Listed records section start

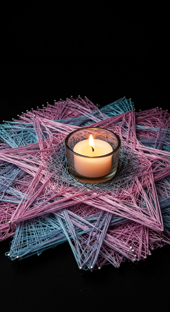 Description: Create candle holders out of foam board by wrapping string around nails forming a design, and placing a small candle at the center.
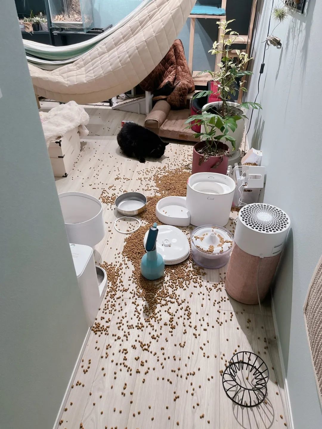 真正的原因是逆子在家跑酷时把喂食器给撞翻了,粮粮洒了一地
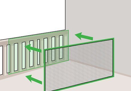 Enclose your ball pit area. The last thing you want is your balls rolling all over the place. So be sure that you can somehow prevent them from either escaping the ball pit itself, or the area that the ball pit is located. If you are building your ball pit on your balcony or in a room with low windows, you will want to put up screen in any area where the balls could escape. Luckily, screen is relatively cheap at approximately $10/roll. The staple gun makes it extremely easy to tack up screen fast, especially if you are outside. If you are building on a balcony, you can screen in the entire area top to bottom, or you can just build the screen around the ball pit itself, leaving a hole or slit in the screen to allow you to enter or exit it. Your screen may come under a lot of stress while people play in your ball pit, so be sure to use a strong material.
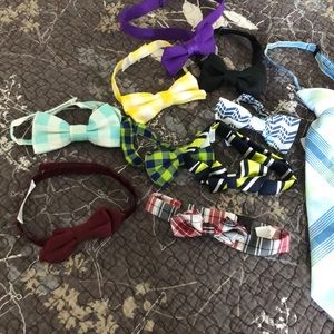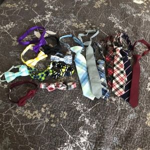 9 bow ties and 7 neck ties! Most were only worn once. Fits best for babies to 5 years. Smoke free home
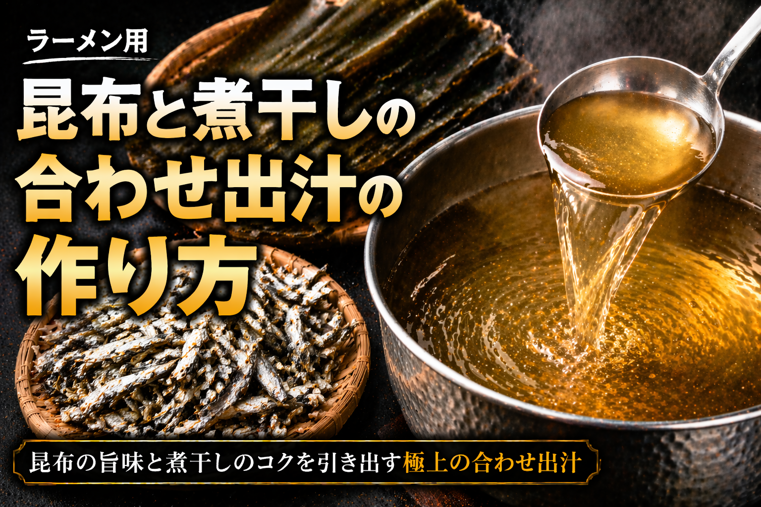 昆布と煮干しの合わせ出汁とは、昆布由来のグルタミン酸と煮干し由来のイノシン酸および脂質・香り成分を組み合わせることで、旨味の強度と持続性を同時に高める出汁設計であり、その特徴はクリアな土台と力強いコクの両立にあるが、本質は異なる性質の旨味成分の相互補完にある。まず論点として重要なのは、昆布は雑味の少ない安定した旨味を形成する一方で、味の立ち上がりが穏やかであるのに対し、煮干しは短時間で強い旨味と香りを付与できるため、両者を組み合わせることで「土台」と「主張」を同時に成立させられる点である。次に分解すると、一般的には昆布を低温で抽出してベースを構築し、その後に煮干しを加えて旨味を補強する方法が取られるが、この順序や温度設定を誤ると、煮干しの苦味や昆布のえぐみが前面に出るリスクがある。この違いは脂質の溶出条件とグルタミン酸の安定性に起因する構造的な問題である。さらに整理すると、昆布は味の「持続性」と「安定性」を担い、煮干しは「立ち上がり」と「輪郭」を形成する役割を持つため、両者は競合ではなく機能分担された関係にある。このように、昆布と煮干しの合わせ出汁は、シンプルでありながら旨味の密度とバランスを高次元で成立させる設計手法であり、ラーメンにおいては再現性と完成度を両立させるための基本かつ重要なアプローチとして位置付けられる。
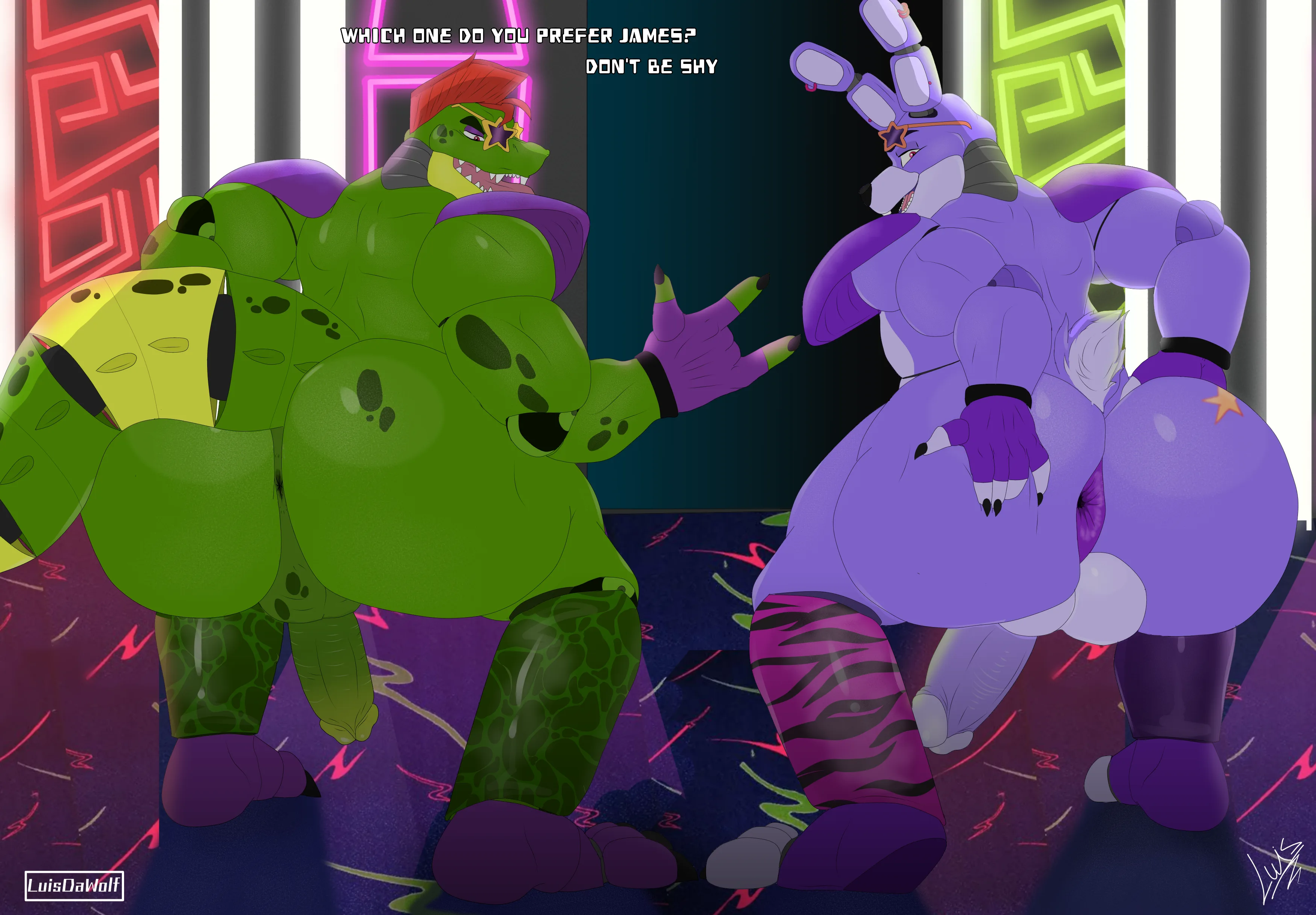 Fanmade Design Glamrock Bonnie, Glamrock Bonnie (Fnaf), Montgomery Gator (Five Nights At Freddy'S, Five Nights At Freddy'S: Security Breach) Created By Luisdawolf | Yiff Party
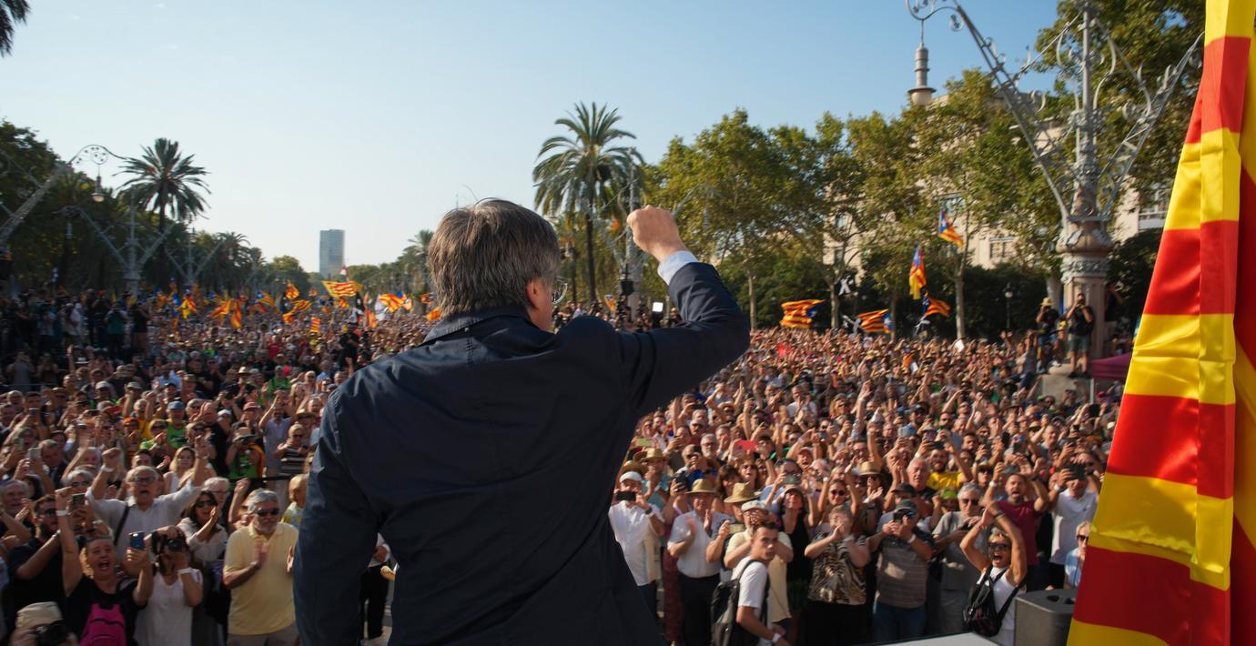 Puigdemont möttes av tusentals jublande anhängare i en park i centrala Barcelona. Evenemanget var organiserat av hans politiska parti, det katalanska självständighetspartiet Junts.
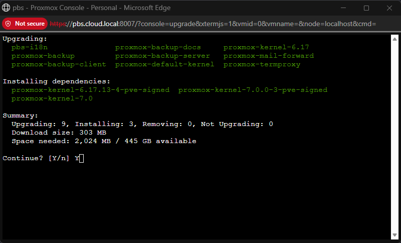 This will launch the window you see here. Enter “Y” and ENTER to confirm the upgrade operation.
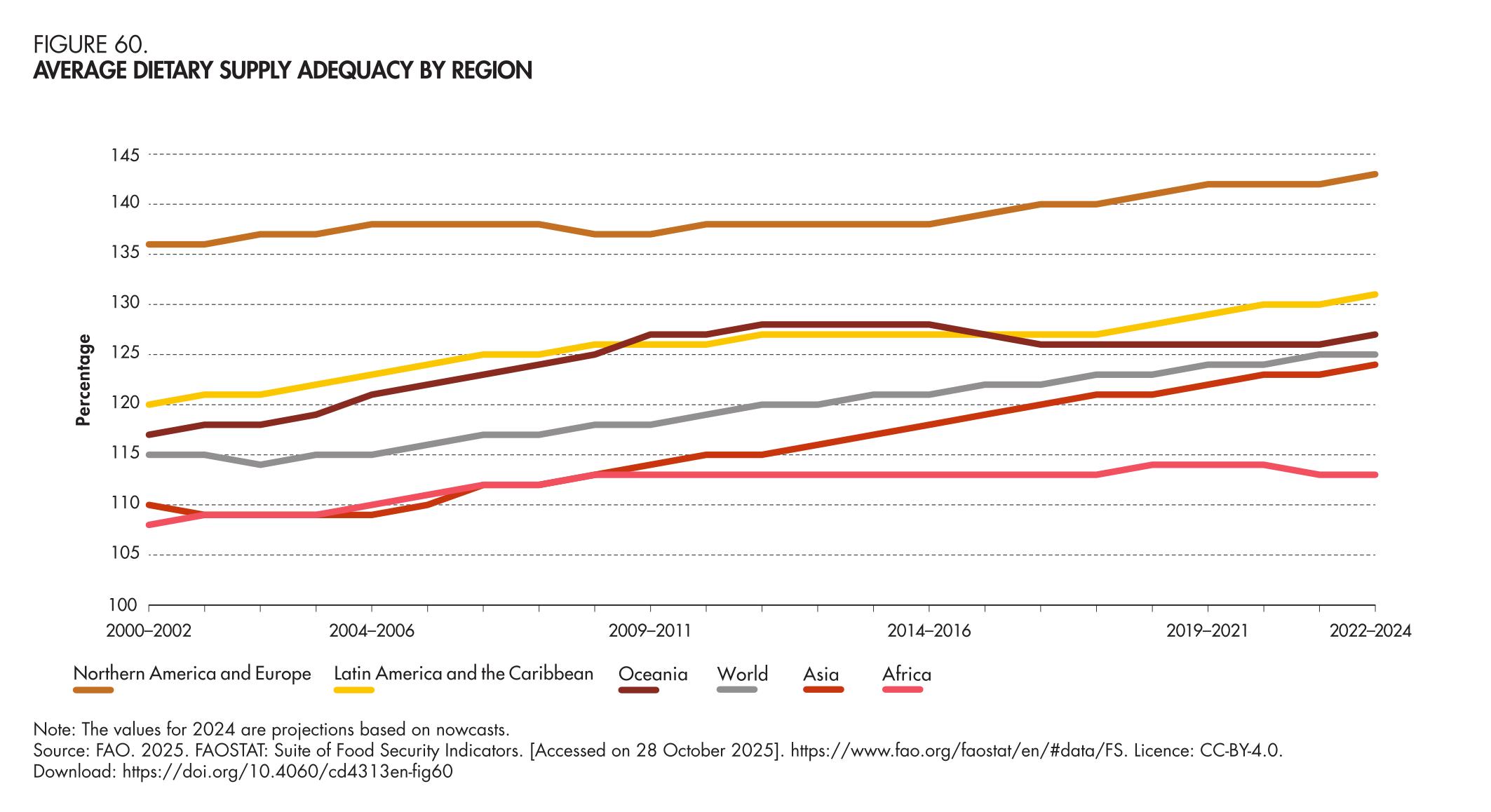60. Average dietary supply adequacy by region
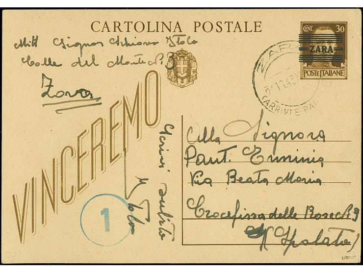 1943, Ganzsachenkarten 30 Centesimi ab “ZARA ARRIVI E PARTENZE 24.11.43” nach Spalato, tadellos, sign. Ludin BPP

Listed records section end

* _Activity_
Output, exactly and only, the lines beginning with the one that contains "This will launch" and ending at the last line of the records above. Drop the pictures.

* _Response to this task_
 This will launch the window you see here. Enter “Y” and ENTER to confirm the upgrade operation.
60. Average dietary supply adequacy by region
 1943, Ganzsachenkarten 30 Centesimi ab “ZARA ARRIVI E PARTENZE 24.11.43” nach Spalato, tadellos, sign. Ludin BPP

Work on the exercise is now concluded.